I don’t have a lot of well-formed opinions on food policy. I’m learning as I go. But I do have thoughts on meat. While I’m opposed to the way animal agriculture is usually done in the United States, I’m not against meat per se, and I’m troubled by the argument that meat, just by virtue of being meat, is bad for the environment. I’m sympathetic to many reasons people give for being vegetarians, but I think the environmental argument is a mistake and does harm.
For me the climate crisis comes down to two related issues. First, there are just too many people. That’s a huge topic, and I’m not going to pursue it any further here other than to say woe be unto us if we try to ignore it indefinitely. Two, industrial civilization is in need of a thoroughgoing overhaul if not a complete replacement. Tinkering isn’t going to cut it. Books have been written about all this, I’m sure; I’m not about to write another one. I’m just talking, briefly, about food and how meat fits into the food puzzle.
Food is a natural outgrowth of a flourishing ecology. Our preferred food production approach shouldn’t be to sacrifice square miles of land, killing every living thing on that land except for corn that’s been engineered to survive an onslaught of herbicides and pesticides in order to produce feed to finish cows in concentrated animal feeding operations (CAFOs). I’ve read that corn fields are eerily silent except for the sound of wind rustling in the stalks. No crickets, no toads, no birds. Not even any bees. Corn is sometimes self-pollinated, otherwise cross-pollinated by the wind; who needs bees?
That’s not an ecological system, it’s a corn factory.
One of the basic principles of a healthy ecological system is diversity, and that diversity must include a balance of plant and animal life. In theory you could take the manure and urine of the cow in the CAFO and spread it on the corn field to inch a bit closer to a natural system, but that turns out to be a challenge.

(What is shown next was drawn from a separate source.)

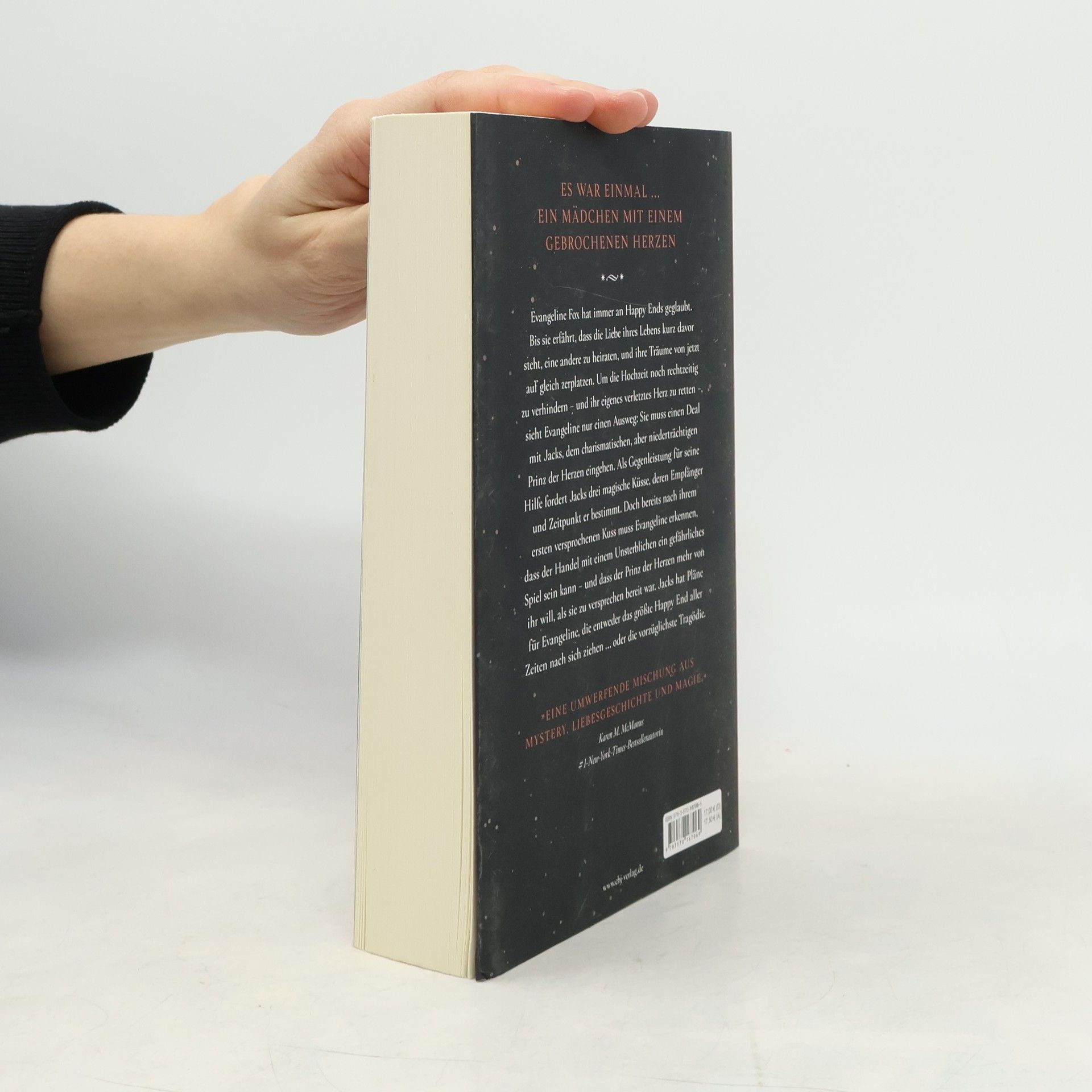 Es war einmal ... ein Mädchen mit einem gebrochenen Herzen Evangeline Fox hat immer an Happy Ends geglaubt. Bis sie erfährt, dass die Liebe ihres Lebens kurz davor steht, eine andere zu heiraten, und ihre Träume von jetzt auf gleich zerplatzen. Um die Hochzeit noch rechtzeitig zu verhindern – und ihr eigenes verletztes Herz zu retten –, sieht Evangeline nur einen Ausweg: Sie muss einen Deal mit Jacks, dem charismatischen, aber niederträchtigen Prinz der Herzen eingehen. Als Gegenleistung für seine Hilfe fordert Jacks drei magische Küsse, deren Empfänger und Zeitpunkt er bestimmt. Doch bereits nach ihrem ersten versprochenen Kuss muss Evangeline erkennen, dass der Handel mit einem Unsterblichen ein gefährliches Spiel sein kann – und dass der Prinz der Herzen mehr von ihr will, als sie zu versprechen bereit war. Jacks hat Pläne für Evangeline, die entweder das größte Happy End aller Zeiten nach sich ziehen … oder die vorzüglichste Tragödie.

Instead farmers rely on synthetic fertilizer.
A simpler approach is to put the cow in the field. Add a few chickens and pigs, sheep and goats. Grow some grain here and some vegetables there. Welcome the toads and the crickets, the ladybugs and gopher snakes and the cattle egrets. Put in an orchard; perennials are good news.
A factory producing fake meat from genetically engineered, industrially raised, trucked-in plant products is NOT a flourishing ecosystem any more than that cornfield is. It’s just another step away from a lifestyle in which people are an intimate part of the natural world around them.
I know. There are arguments, there are opposing facts, there are fears that more people will go hungry… but after mulling the issue for many months, I realized I could never amass enough data or do enough analysis to answer every question or calculate the one right path. I did a lot of reading and thinking, but eventually I chose to rely on what looks to me like common sense: your dinner should be a natural product of your own flourishing ecosystem. That may mean haggis in Scotland, gumbo in New Orleans, or jollof rice and egusi soup in Nigeria — all dishes that draw on foods suitable for the regions from which they spring — but it doesn’t mean artificial meat concocted from industrially-grown plants, packaged in a high-tech facility run by an international corporate giant and transported around the world on ships so big they may have trouble getting through the Suez Canal.